(Assigned task):
Retype only the lines below from the one with "2、在习惯打卡页面,点击【新建打卡目标】,进入新建打卡目标页面。" to the one with "по всему шару", inclusive, skipping every image.

(Provided information):
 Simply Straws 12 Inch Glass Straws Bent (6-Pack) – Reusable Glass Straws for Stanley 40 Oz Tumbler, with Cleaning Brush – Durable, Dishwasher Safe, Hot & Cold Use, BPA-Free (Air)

---

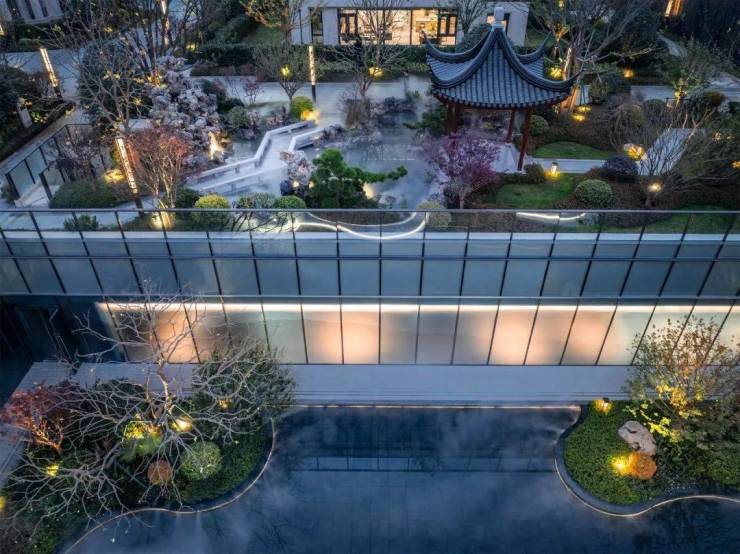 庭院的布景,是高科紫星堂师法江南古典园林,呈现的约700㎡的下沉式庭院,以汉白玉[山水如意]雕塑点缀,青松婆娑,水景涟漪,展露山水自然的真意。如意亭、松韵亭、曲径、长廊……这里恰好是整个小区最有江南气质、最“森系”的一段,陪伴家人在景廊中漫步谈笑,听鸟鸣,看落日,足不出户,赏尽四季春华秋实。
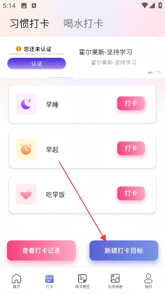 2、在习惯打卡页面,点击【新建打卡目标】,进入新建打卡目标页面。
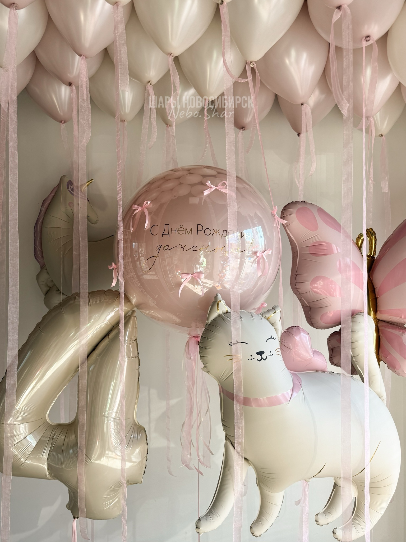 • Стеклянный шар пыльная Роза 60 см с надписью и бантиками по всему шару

--

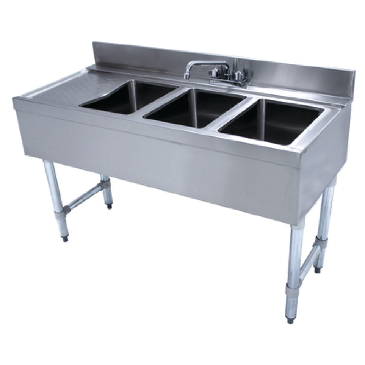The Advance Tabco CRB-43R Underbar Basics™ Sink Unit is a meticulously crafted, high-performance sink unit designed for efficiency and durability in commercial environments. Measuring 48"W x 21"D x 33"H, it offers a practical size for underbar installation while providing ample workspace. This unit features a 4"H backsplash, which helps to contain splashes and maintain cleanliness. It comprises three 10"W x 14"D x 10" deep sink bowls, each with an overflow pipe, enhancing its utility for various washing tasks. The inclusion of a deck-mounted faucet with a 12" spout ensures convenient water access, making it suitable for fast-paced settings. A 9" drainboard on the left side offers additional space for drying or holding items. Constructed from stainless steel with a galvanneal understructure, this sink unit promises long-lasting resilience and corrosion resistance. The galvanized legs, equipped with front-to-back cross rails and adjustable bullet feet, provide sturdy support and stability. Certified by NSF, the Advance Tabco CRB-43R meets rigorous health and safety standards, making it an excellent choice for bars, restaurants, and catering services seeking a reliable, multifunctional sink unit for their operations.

(Task answer):
 2、在习惯打卡页面,点击【新建打卡目标】,进入新建打卡目标页面。
 • Стеклянный шар пыльная Роза 60 см с надписью и бантиками по всему шару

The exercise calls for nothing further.